Hirose K, Shimada T, Matsumura T, Iwata M, Yasunaga K, Hori K, Matsusaka J
J Cardiogr. 1981 Dec;11(4):1223-32.
In order to determine the effect of verapamil, a calcium-channel blocking agent, on systolic performance and relaxation in hypertrophic cardiomyopathy (HCM), 12 patients with HCM and 10 normal subjects were studied. Echocardiograms, phonocardiograms, carotid pulses, and apex cardiograms were recorded simultaneously at the control state and 5, 10, and 15 min after intravenous injection of 10 mg of verapamil. After verapamil administration, heart rate was unchanged, while systolic blood pressure was slightly reduced in both groups. In normal subjects no significant changes were observed in systolic time intervals, such as ET, delta ET, PEP, delta PEP and PEP/ET, and mean VCF, except slightly prolonged delta ET after 5 min of the injection. The duration of isovolumic relaxation, (IIa-D) interval, taken as the period from the aortic valve closure (IIa) to the onset of mitral valve cusp separation and the time from IIa to the O point of the apex cardiogram, (IIa-O) interval, were 58 +/- 5 and 123 +/- 16 msec, respectively. The maximum velocity of the left ventricular posterior wall in early diastole (PWDV) was 128 +/- 10 mm/sec. These intervals and the velocity were not significantly changed after verapamil administration. In patients with HCM, ET and delta ET were unchanged, but PEP and delta PEP prolonged at 10 and 15 min after verapamil administration. PEP/ET was increased and mean VCF was reduced at 15 min after injection. In comparison with normal subjects, IIa-D interval and Ha-O interval were prolonged definitely at control, 92 +/- 21 and 190 +/- 28 msec, respectively. PWDV was slower than normal, 86 +/- 18 mm/sec at control. After verapamil, these intervals were shortened and PWDV fastened significantly. These results indicated that verapamil is regarded to have slight intrinsic negative inotropic action, suggesting the beneficial effect to reduce intraventricular pressure gradient, and also improve impaired myocardial relaxation in HCM.

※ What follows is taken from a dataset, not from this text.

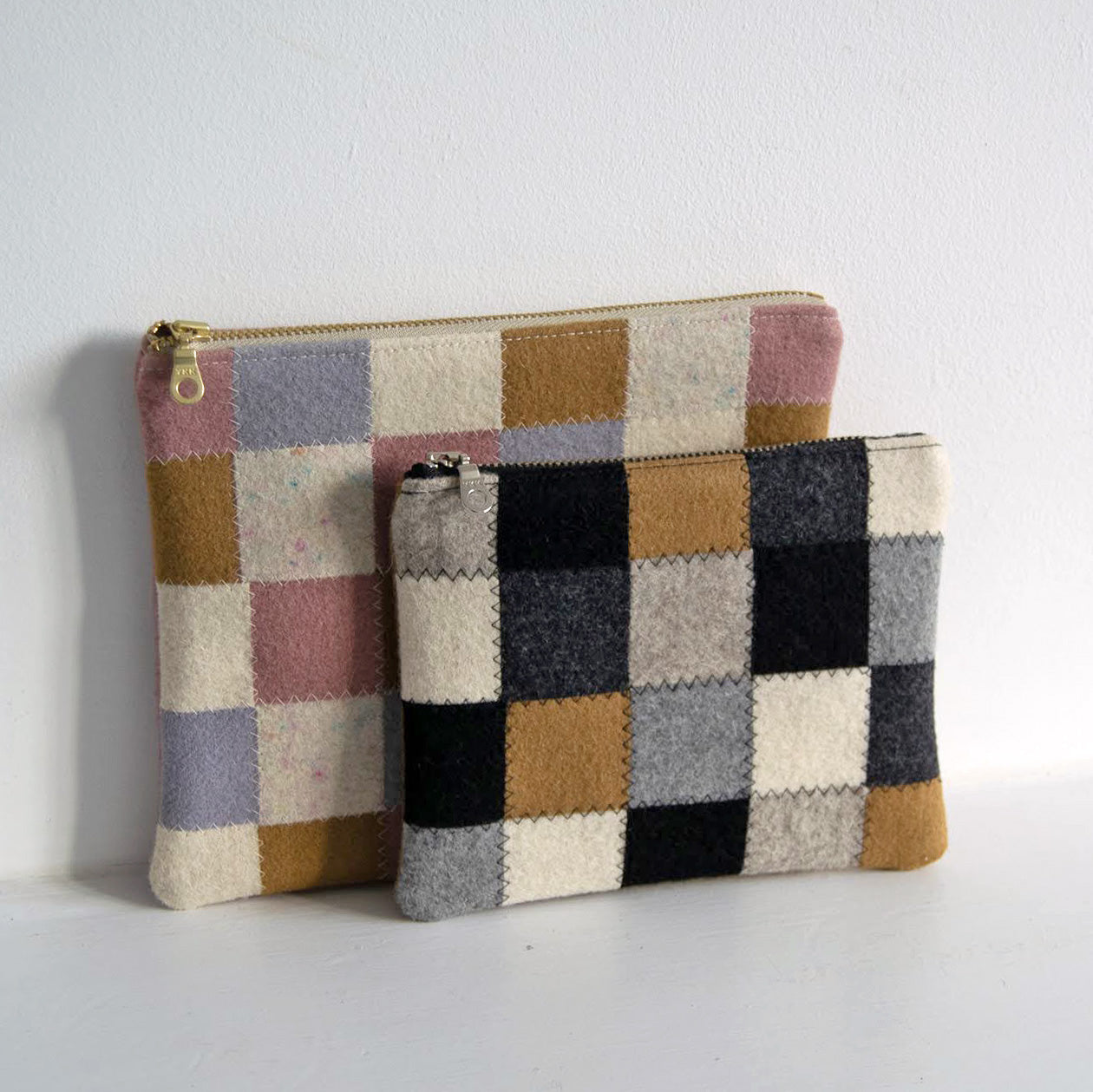 Checkered Wool Zip Pouch - Pastel

为了确定钙通道阻滞剂维拉帕米对肥厚型心肌病(HCM)患者心脏收缩功能及舒张功能的影响,我们对12例HCM患者和10名正常受试者进行了研究。在对照状态以及静脉注射10mg维拉帕米后5分钟、10分钟和15分钟时,同步记录超声心动图、心音图、颈动脉搏动图和心尖搏动图。注射维拉帕米后,两组患者的心率均未改变,而收缩压均略有下降。在正常受试者中,收缩期时间间期,如射血时间(ET)、射血时间变化率(delta ET)、射血前期(PEP)、射血前期变化率(delta PEP)和PEP/ET,以及平均圆周纤维缩短速度(mean VCF)均未发生显著变化,仅在注射后5分钟时delta ET略有延长。等容舒张期时长,即从主动脉瓣关闭(IIa)至二尖瓣瓣叶分离开始的时间段(IIa-D间期),以及从IIa至心尖搏动图O点的时间(IIa-O间期),分别为58±5毫秒和123±16毫秒。左心室后壁舒张早期最大速度(PWDV)为128±10毫米/秒。注射维拉帕米后,这些间期和速度均未发生显著变化。在HCM患者中,ET和delta ET未改变,但在注射维拉帕米后10分钟和15分钟时,PEP和delta PEP延长。注射后15分钟时,PEP/ET升高,mean VCF降低。与正常受试者相比,HCM患者在对照时IIa-D间期和IIa-O间期明显延长,分别为92±21毫秒和190±28毫秒。对照时PWDV比正常受试者慢,为86±18毫米/秒。注射维拉帕米后,这些间期缩短,PWDV显著加快。这些结果表明,维拉帕米被认为具有轻微的内在负性肌力作用,提示其对降低心室内压力梯度有益,并且还可改善HCM患者受损的心肌舒张功能。